:: Task statement ::
Please print the entries below exactly, from the line with "小朋友下水體驗捉泥鰍與划膠筏。" through the line with "Comunalia, 2024, Fundación Punta Mita", including both of those lines and leaving out all others.

:: Dataset entries ::
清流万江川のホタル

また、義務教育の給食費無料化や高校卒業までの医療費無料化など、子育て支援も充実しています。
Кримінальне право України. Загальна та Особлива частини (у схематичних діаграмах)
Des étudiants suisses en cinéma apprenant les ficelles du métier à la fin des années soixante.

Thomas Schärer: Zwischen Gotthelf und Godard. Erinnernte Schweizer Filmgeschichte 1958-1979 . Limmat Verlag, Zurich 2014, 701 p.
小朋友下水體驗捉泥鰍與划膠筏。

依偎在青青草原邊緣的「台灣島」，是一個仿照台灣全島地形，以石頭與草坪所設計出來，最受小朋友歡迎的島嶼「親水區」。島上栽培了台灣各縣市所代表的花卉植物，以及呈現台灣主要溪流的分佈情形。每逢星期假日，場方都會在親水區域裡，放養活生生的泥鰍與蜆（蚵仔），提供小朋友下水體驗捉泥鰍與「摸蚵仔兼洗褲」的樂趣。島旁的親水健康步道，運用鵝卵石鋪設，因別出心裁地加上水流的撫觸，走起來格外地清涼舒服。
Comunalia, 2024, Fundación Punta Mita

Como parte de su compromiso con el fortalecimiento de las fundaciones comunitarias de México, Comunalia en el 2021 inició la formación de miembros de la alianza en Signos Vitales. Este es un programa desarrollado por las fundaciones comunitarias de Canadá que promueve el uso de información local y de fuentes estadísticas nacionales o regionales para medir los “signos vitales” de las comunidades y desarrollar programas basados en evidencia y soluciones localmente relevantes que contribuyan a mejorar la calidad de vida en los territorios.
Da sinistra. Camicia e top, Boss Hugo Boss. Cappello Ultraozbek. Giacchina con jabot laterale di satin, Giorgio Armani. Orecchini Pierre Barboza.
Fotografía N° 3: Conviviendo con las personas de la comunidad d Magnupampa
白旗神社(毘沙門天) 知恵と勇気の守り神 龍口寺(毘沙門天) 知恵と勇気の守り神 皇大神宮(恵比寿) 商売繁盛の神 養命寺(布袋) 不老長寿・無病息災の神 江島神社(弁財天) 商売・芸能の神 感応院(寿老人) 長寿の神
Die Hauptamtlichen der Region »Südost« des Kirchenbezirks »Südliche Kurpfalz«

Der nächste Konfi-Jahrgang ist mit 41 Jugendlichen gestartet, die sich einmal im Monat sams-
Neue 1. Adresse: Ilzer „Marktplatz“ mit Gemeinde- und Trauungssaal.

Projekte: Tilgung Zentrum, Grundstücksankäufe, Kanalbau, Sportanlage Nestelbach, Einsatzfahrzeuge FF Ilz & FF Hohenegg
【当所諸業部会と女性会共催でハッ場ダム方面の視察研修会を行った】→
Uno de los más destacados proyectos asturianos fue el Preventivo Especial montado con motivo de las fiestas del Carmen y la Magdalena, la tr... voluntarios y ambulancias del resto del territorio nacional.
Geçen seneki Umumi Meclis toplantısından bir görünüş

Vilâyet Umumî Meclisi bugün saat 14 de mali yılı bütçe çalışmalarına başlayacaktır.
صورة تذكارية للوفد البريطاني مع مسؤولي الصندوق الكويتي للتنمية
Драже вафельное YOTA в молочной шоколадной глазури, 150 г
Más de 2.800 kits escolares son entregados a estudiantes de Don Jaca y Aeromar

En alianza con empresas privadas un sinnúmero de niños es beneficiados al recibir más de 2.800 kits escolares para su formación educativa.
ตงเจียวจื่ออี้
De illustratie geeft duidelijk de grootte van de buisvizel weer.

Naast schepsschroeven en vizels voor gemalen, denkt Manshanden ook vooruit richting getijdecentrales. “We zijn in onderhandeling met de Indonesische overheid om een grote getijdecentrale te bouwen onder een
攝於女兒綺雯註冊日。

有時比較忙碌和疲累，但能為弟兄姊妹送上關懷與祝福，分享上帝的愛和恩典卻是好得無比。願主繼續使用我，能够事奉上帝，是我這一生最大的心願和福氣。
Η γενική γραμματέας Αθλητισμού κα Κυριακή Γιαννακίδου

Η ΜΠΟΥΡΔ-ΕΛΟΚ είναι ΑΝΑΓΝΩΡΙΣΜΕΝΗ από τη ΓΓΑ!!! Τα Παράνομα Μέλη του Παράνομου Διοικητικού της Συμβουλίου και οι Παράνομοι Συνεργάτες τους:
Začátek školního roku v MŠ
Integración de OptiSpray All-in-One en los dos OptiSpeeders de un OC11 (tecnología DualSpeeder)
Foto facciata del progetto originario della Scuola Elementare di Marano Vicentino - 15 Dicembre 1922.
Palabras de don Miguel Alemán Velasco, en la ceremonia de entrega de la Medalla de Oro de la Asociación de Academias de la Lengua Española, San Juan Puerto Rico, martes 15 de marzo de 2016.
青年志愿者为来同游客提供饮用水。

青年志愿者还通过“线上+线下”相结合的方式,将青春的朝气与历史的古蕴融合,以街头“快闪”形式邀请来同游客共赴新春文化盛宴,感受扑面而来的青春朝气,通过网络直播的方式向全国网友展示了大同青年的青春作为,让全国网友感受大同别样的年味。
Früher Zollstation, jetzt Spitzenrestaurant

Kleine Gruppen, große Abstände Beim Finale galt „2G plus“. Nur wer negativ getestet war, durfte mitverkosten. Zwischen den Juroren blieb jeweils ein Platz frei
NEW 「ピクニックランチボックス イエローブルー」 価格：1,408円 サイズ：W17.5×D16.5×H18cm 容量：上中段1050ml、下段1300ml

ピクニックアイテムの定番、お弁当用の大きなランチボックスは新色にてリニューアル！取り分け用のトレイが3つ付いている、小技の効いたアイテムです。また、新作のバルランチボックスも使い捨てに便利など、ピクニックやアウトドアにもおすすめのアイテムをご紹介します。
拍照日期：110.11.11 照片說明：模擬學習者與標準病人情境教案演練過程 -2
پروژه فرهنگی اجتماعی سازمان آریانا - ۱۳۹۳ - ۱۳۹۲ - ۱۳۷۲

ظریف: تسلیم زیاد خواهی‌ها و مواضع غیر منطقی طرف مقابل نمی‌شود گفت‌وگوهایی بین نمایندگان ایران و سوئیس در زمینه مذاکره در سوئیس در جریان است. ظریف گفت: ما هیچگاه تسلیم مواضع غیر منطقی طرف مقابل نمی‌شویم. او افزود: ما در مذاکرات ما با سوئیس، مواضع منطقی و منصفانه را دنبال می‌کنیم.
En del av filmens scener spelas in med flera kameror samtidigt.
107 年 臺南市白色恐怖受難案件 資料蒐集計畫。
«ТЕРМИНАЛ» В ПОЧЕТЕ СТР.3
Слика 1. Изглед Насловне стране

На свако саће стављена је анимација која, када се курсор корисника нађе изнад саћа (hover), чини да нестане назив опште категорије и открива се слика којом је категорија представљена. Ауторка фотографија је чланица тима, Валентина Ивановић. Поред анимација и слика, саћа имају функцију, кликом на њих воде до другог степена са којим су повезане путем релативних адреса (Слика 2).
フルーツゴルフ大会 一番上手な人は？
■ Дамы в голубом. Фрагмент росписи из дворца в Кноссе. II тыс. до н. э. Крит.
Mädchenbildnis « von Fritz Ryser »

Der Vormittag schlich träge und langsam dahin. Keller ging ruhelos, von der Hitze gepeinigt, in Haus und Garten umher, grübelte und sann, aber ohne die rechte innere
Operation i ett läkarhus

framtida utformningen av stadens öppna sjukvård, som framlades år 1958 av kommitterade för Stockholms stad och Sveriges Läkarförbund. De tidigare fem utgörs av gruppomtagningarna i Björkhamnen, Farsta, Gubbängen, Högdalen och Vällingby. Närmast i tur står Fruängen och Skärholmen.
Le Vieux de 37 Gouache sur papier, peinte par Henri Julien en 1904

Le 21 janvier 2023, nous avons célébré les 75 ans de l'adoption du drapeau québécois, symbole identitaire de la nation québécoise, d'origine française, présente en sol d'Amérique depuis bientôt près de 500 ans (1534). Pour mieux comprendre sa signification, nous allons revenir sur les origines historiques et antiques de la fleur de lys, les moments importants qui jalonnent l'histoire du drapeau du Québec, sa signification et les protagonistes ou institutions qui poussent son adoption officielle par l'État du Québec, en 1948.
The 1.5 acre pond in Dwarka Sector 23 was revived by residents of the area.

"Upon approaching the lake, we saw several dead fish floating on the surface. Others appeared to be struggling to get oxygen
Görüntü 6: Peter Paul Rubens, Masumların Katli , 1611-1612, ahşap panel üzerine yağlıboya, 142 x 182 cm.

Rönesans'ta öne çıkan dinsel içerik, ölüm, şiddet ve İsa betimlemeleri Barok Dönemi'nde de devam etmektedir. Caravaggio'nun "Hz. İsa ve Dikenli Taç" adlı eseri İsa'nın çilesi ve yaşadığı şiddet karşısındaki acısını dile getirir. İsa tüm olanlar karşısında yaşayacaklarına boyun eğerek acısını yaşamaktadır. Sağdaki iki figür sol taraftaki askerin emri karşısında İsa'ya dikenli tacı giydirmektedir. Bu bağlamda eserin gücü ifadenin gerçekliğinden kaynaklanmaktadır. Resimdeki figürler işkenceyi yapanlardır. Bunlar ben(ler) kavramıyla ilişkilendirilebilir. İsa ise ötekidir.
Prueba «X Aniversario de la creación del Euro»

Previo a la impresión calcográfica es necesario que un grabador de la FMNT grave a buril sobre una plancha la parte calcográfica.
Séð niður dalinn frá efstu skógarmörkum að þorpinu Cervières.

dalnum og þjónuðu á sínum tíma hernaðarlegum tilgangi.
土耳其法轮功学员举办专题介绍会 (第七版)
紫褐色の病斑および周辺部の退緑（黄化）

:: Output for this task ::
小朋友下水體驗捉泥鰍與划膠筏。

依偎在青青草原邊緣的「台灣島」，是一個仿照台灣全島地形，以石頭與草坪所設計出來，最受小朋友歡迎的島嶼「親水區」。島上栽培了台灣各縣市所代表的花卉植物，以及呈現台灣主要溪流的分佈情形。每逢星期假日，場方都會在親水區域裡，放養活生生的泥鰍與蜆（蚵仔），提供小朋友下水體驗捉泥鰍與「摸蚵仔兼洗褲」的樂趣。島旁的親水健康步道，運用鵝卵石鋪設，因別出心裁地加上水流的撫觸，走起來格外地清涼舒服。
Comunalia, 2024, Fundación Punta Mita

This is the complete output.